Leukemic stem cell–niche interaction through CLEC2-podoplanin axis confers drug resistance in acute myeloid leukemia

Background: Acute myeloid leukemia (AML) progression and therapy resistance are strongly influenced by the bone marrow microenvironment (BMME). Although recent genomic studies have advanced our understanding of AML pathogenesis, how leukemic stem cells (LSCs) adapt to and exploit niche interactions remains incompletely defined. Methods: We established an in vivo–selected subline of the human AML cell line KG-1a by serial xenografting into NOD/SCID mice (rKG-1a). Phenotypic, transcriptional, and functional assays, including flow cytometry and cDNA microarray were performed. C-type lectin-like receptor 2 (CLEC2) expression in primary AML LSCs (CD34+CD38-) was assessed in 8 patient samples and these cells were co-cultured with stromal MS5 cells engineered to express podoplanin (Pdpn). Chemosensitivity was evaluated using cytarabine (Ara-C) and venetoclax (VEN). Results: Compared with parental KG-1a, rKG-1a exhibited enhanced engraftment anaggressiveness in vivo despite slower proliferation in vitro. rKG-1a demonstrated downregulation of HLA class II and CD31, and upregulation of CD44, CD51, and CD62L. Microarray analysis identified CLEC2 as a top upregulated surface molecule, validated at both mRNA and protein levels. In patient-derived AML LSCs, CLEC2 expression was heterogeneous but significantly higher than in healthy HSCs.

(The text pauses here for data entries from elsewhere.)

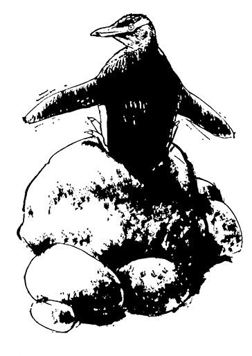 Дальше наш путь лежал туда, где, по словам Стена, находилось одно из гнездовий желтоглазых пингвинов. Эти пингвины – одни из самых красивых представителей отряда, и некогда их было довольно много в районах побережья с благоприятными природными условиями, но всюду, где появлялся человек, они исчезали. Желтоглазые пингвины предпочитают гнездиться вдали от воды, в лесу или в кустах; подле бревна или камня они сооружают себе гнездо из прутиков и жесткой травы. Но люди сводили лес и кустарник; расчищая пастбища для своих драгоценных овец, они уничтожали естественную среду обитания птиц, и число пингвинов пошло на убыль. Если к этому добавить, что фермеры (и не только фермеры) грабили гнезда, разбивали яйца и истребляли беззащитных родителей, – и перед вами в миниатюре то же, что происходит по всему свету: гибнут сотни безобидных видов – птицы, млекопитающие, рептилии.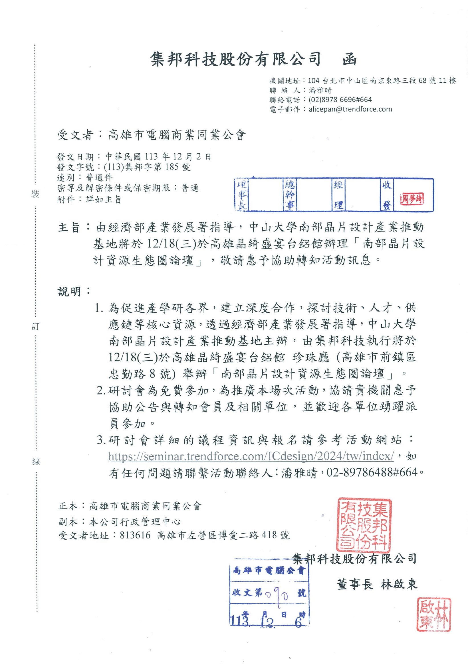 【轉發】集邦科技股份有限公司函文-經濟部產發署指導,中山大學南部晶片設計產業推動基地將於12/18於高雄晶綺盛宴台鋁館辦理南部晶片設計資源生態論壇,歡迎會員參加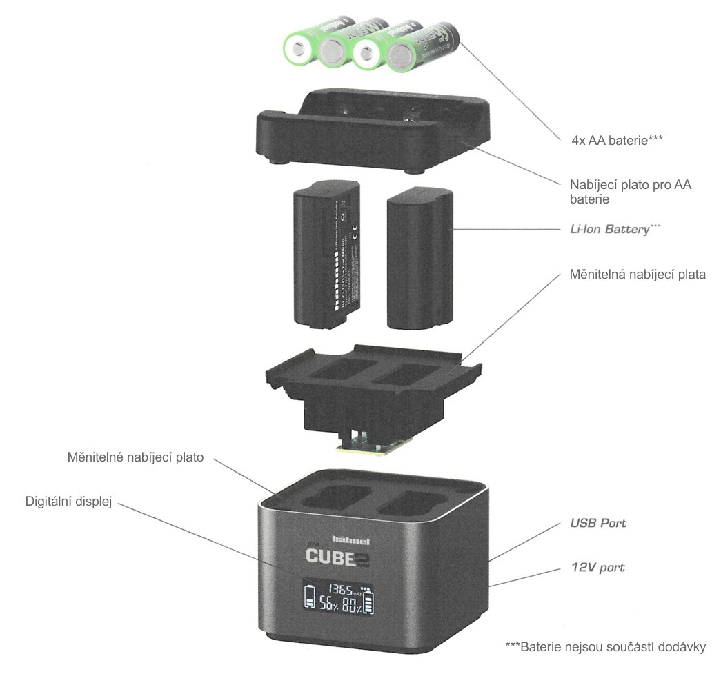 Profesionální duální nabíječka Hähnel ProCUBE2 s vyměnitelnými platy umožňuje nabíjet různé typy Li-ion baterií a díky dvěma zásuvkám můžete nabíjet dvě stejné baterie současně.
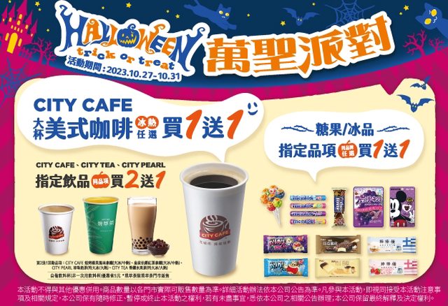 Halloween萬聖派對 CITY CAFE 糖果/冰品指頂品項優惠 等你來選購!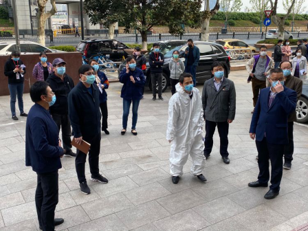 演练模拟了长航大厦一入驻单位员工体温检测超过37.3℃后的应急处置全过程,包括被就地隔离、信息上报、送医检测等步骤。在演练期间,长航大厦物业有限公司负责人向参演全体人员介绍了大厦复工期间新型肺炎疫情应急处置准备工作情况。这次演练做到了及时发现、快速处置、精准管控,有效检验了全街应对复工期间的疫情防反弹及应急处置能力,达到了查遗补漏、锻炼队伍的目的。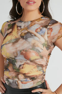 Angel Looks Short Sleeve Printed Mesh Crop Top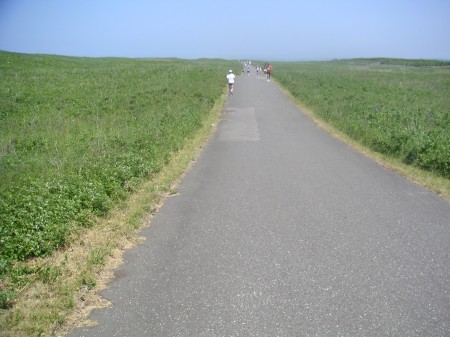 ようやく80km。そしてこの先は、ついにこの大会のクライマックス、ワッカ原生花園の往復20kmだ。サロマ湖とオホーツク海に挟まれ細長い半島のように突き出した岬に向かって10km行って、同じ道を10km帰ってくる。多くのランナーともすれ違う。原生花園とは手のつけられていない地帯ということだと思う。美しい。しかしどこまでも続くほぼまっすぐの一本道。微妙にアップダウンも繰り返す。ところが、ここまで無理をせず歩きながら来たせいか、ようやく少し復活してきた。何とか走れる。太陽に向かって果てしなく続く道を行く。

Functionally, CLEC2high LSCs displayed resistance to Ara-C when co-cultured with Pdpn-expressing stroma, whereas CLEC2low LSCs did not. Across 8 cases, CLEC2high status consistently associated with greater protection indices, although absolute CLEC2 intensity did not correlate linearly with chemoprotection. Conclusions: Our findings establish CLEC2-Pdpn signaling as a novel axis of LSC–niche interaction that confers chemoresistance in AML. Targeting this pathway may provide therapeutic opportunities to eradicate resistant LSC subsets.